Two drivers suffered serious injuries when their cars collided in Mount Airy, North Carolina (NC), on the afternoon of April 26, 2015. The wreck, which a state trooper described to the local newspaper as being "left front quarter-panel to left front quarter-panel," occurred at a curve along Riverside Drive near the intersection with Crossingham Road.
The driver of the car that crossed the center line of the rural highway also known as NC 104, appears to have been speeding before drifting into the path of oncoming traffic. The exact natures of the injuries the at-fault driver and the person behind the wheel of the other vehicle were not reported, but one of the people needed to be flown by hospital to the Wake Forest University medical center for lifesaving treatment. My North Carolina personal injury law firm colleagues and I know from experience, however, that head-on collisions and wreck that comes close to being head-ons often leave people with traumatic brain injuries, broken bones, spine and neck injuries, and even burns from the heat and friction created by rapidly deploying airbags.

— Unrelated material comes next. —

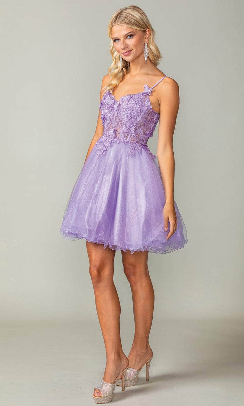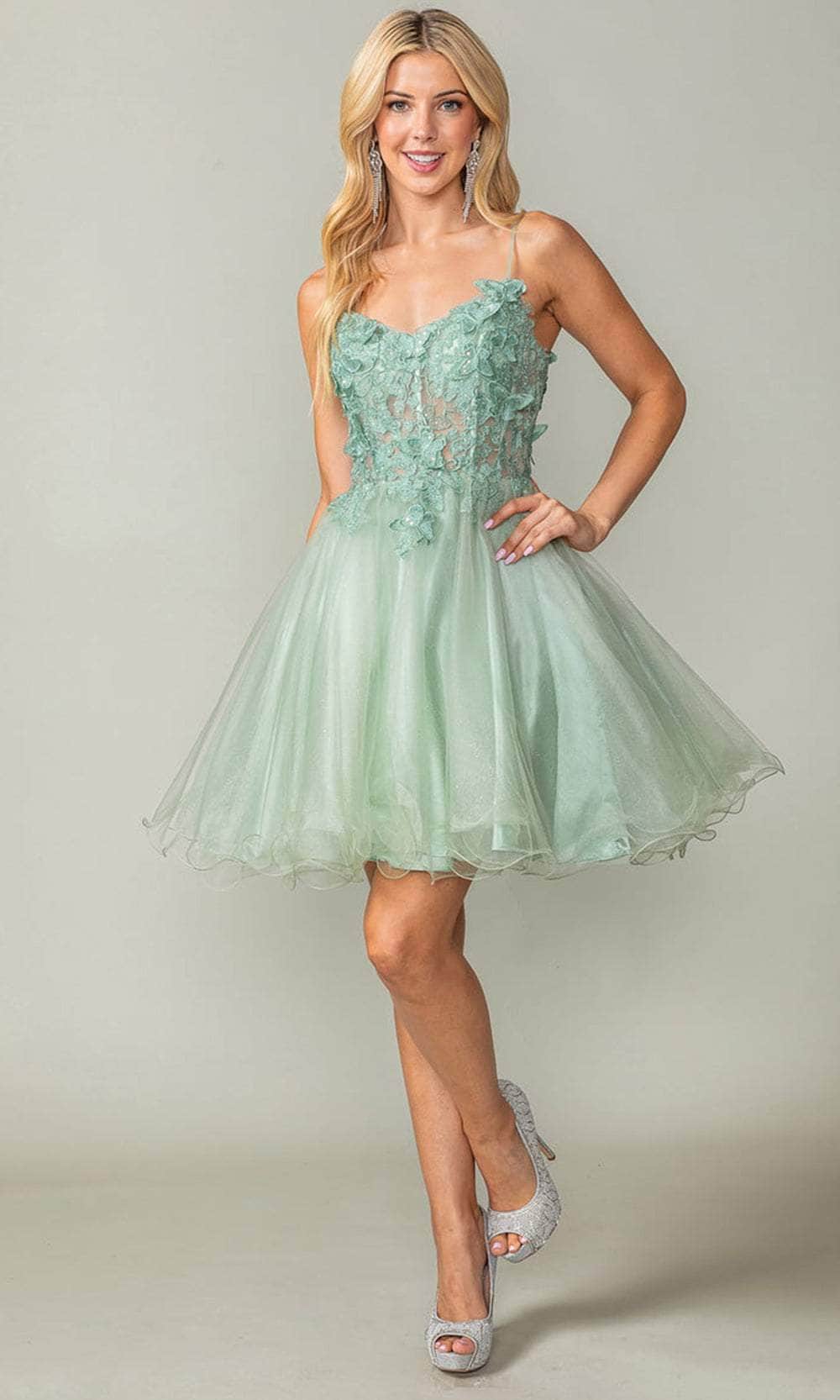 Captivate with sophisticated allure in the Dancing Queen 3341 cocktail dress. Tailoring expertise sculpts the silhouette, providing a perfect foundation for the delicate spaghetti straps and plunging v-neckline. This neckline flatters your figure and leads to a captivating sheer bodice adorned with intricate lace appliques and shimmering rhinestones. Strategically placed boning defines your curves and adds a touch of structure. The lace-up back ensures a flawless fit and adds a touch of drama. The layered skirt dances around your legs with every step, finishing in a playful short hem. Let the Dancing Queen 3341 be your partner in captivating the night. Models are wearing the Champagne, Lilac, and Sage colors.

A problem that needs to be addressed in light of this wreck is the tendency of drivers to take highway curves at unsafe speeds. This bad habit can become particularly pronounced on narrow rural routes that people use often without encountering many other cars or trucks. People can get too comfortable and inattentive when they get very familiar with certain roads and traffic patterns. The lesson a crash like one in Mount Airy teaches is that everyone needs to travel around curves under control and always be alert to unexpected dangers.